Utópico? Irrealista? A lei alemã sobre energias renováveis, adotada na primavera de 2000, demonstra o contrário. Os estímulos oferecidos asseguraram, desde o ano 2000, um aumento anual de 3.000 MW na capacidade de produção de eletricidade através de fontes de energias renováveis. O acréscimo total supera 18.000 MW. Um aspecto importante da lei é proporcionar, a cada produtor de energia renovável, acesso à rede nacional de distribuição e tarifa assegurada por 20 anos — o que garante o retorno dos investimentos. Os custos do incentivo são repartidos entre todos os consumidores, e não passam de 5 euros por pessoa a cada um ano.
O novo setor industrial já criou 170 mil empregos [6]. Nenhum programa político de apoio à industria custou tão pouco e alcançou tantos resultados em tão pouco tempo! E se o público aceita os custos suplementares é porque está de acordo com o objetivo a ser seguido. Em seis anos, os custos de investimento caíram 40%, graças ao aumento de escala na produção. Essa mudança energética diminuiu as emissões de CO2 em 7 milhões de toneladas adicionais a cada ano. Ou seja: a lei, enquanto instrumento da política ambiental, teve muito mais efeito do que o mercado de quotas de emissão de CO2, um dos instrumentos criados pelo protocolo de Kioto. E tudo isso foi obtido sem necessidade de burocracias.

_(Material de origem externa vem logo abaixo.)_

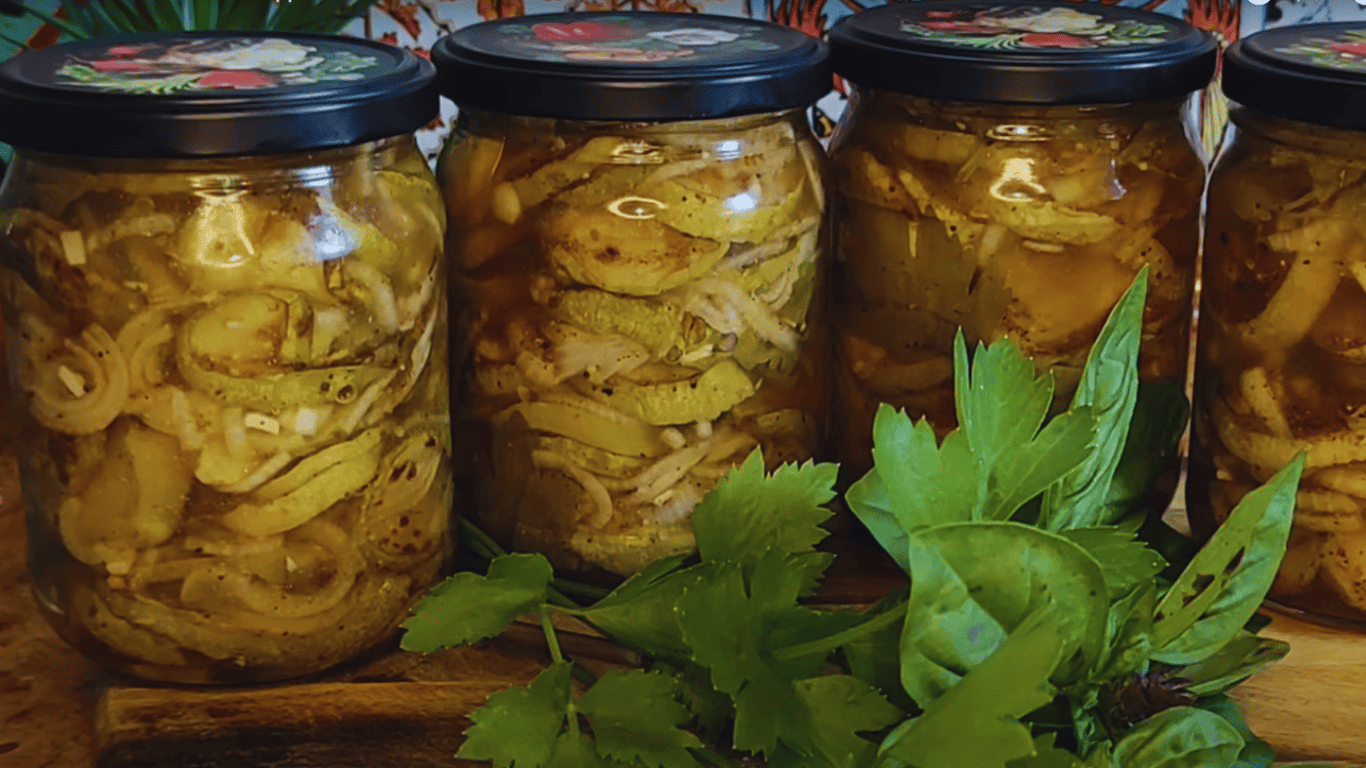 Кабачки на зиму як шашлик — золотисті кружальця в пряному маринаді, що нагадує смак літнього пікніка. Цибуля й часник додають аромату, приправа для шашлику додає пікантності, а шматочки залишаються щільними навіть після зберігання.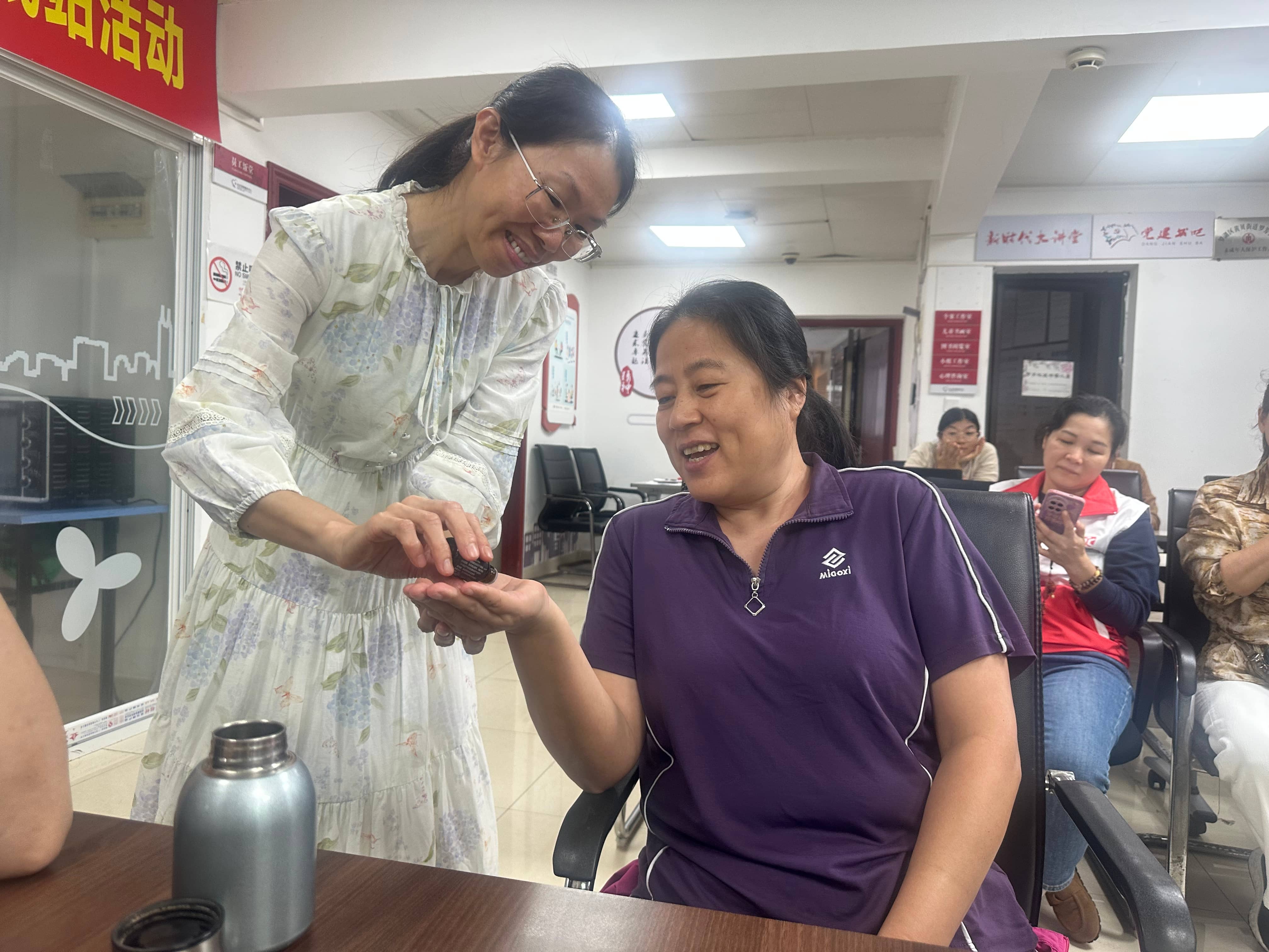 在“手掌嗅吸”体验中,长者亲身感受野橘与薄荷带来的情绪变化。野橘象征“招财”,涂抹时笑声不断;而深受鼻炎困扰的伍姐与张姐,则在嗅闻薄荷后表示“鼻子瞬间通畅”。导师还引导大家将一滴薄荷抵入上颚,瞬间神清气爽,现场氛围轻松而专注。

Se o processo continuar no mesmo ritmo, a produção de eletricidade de origem nuclear e fóssil terá sido inteiramente substituída em aproximadamente 40 anos. Os custos adicionais diminuirão, inclusive devido do aumento dos preços das energias convencionais. Mesmo antes do ano 2020, o preço da eletricidade renovável será menor que o da eletricidade gerada nas novas centrais nucleares e térmicas, acelerando ainda mais a transição energética.
Por que a mudança energética assusta as corporações
Um potencial de substituição similar existe no terreno do aquecimento. Graças às fontes renováveis, já existem residências auto-suficientes em energia, e brevemente haverá arranha-céus [7]. O montante dos investimentos é compensado, em dez ou vinte anos, pela economia de combustíveis alcançada. O desenvolvimento de carros híbridos deve permitir igualmente substituir os combustíveis fósseis por biocarburantes e motores elétricos, utilizando novas tecnologias de bateria.
A possibilidade de caminharmos para um mundo pós–fóssil e pós-nuclear não é vista como viável. Ao contrário, é constantemente negada. Nosso sistema superado, com suas estruturas de empresas associadas, é tido como eterno. Tem-se como definitivo que ele é tecnicamente neutro, em relação às outras fontes de energia — cujos custos são vistos de maneira isolada, quando seria necessário comparar sistemas energéticos em sua totalidade. Essa visão mostra completa falta de conhecimentos sobre tecnologias de produção de energia.
A escolha da fonte primária de energia determina o esforço político, econômico e tecnológico necessário para sua extração, transformação, transporte e distribuição — sem esquecer as tecnologias de utilização. É evidente que a mudança para as energias renováveis — portanto, para fluxos energéticos totalmente diferentes — muda tudo.
Supõe passar de energias primárias comerciais a fontes não comerciais; de poucas usinas e refinarias a um maior número de unidades de pequeno e médio porte; de infra-estruturas internacionais, a estruturas regionais; de energias poluidoras a energias limpas que não emitam gáses de efeito estufa. Enfim, significa passar das estruturas concentradas, como grandes empresas e propriedades, a formas de organização mais diversificadas. A mudança sistêmica em matéria de fornecimento energético representa uma mudança de paradigma em termos tecnológicos, econômicos e políticos. É aí, na verdade, que está o nó da questão.